Mr Gupta, of course, has conveniently indicated that repayments would be frozen and had previously indicated that GFG itself would file for bankruptcy should Greensill stop providing it with working capital loans. A relationship that had turned particularly toxic and was predicated much upon the personal relationship between the heads of both groups.

As if the concentration and reliance on one client wasn’t enough, it seems that, on the other end of the spectrum, IAG through its subsidiary BCC was the only substantial insurer. So, the firm in its entirety relied on one client and one insurer to make or break its business. A situation that helped it when it grew rapidly. The GFG and Greensill alliance, though now seemingly toxic, was mutually reinforcing (on the way down too it seems).

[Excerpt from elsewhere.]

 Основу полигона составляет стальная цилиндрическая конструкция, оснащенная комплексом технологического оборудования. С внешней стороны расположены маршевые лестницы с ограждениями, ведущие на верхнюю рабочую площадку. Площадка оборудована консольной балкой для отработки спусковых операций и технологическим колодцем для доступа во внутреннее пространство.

On the positive for GFG, the loans from Greensill were unsecured.

For the shareholders of IAG? Despite the beating it took at the time of writing, the company has apparently managed to sell off its exposure. The subsidiary, BCC (the entity writing contracts to cover Greensill bonds), actually sold a chunk to Tokio Marine Management, itself owned by three companies all linked to the Mitsubishi UFJ Financial Group (MUFJ) keiretsu. IAG sold its  50% of BCC to Tokio on 9 April 2019 and the deal effectively wiped out any exposure to trade credit insurance. The timing was coincidental, of course. This author would like to know how Mitsubishi feels about this particular coincidence.

Where to Next?

Call me a cynic, but I for one have a feeling that it wasn’t an accident that the working capital issue was left to the last minute. Much of the recent mess may have been avoided with a timely IPO at a requisite valuation and enough of a liquidity injection. No one would have been the wiser. But for now, Apollo Global Management, the private equity firm with enough brains to see a good deal, are probably going to come out on top. They are likely to buy out the business for a tidy $127m, minus the headache of the Gupta loans of course. Remember, this is a business that still made close to $35m AUD in 2019 (that’s net profit) and, if you take out the biggest headache (GFG) and reinsure it with some capital on top, that may just be a decent deal (if done well, one might say, the deal of a lifetime).

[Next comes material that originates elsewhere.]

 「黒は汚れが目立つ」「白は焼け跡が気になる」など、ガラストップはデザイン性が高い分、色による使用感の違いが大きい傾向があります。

As for the Honourable Lex Greensill CBE (oh yes, he’s that too)? The golden boy from Bundaberg might’ve fallen from grace along with his eponymous firm but, somehow, I doubt this will be the last we will see of him. For the moment, the now former rich lister might file for insolvency and be protected under safe harbour laws for whatever is left of his business (after Apollo is finished with its cannibalisation).

For us mere mortals though, it shows us some useful lessons when assessing a business. Always look to the downside, after all, it only took IAG pulling its support and a $7bn business went to 0 almost overnight.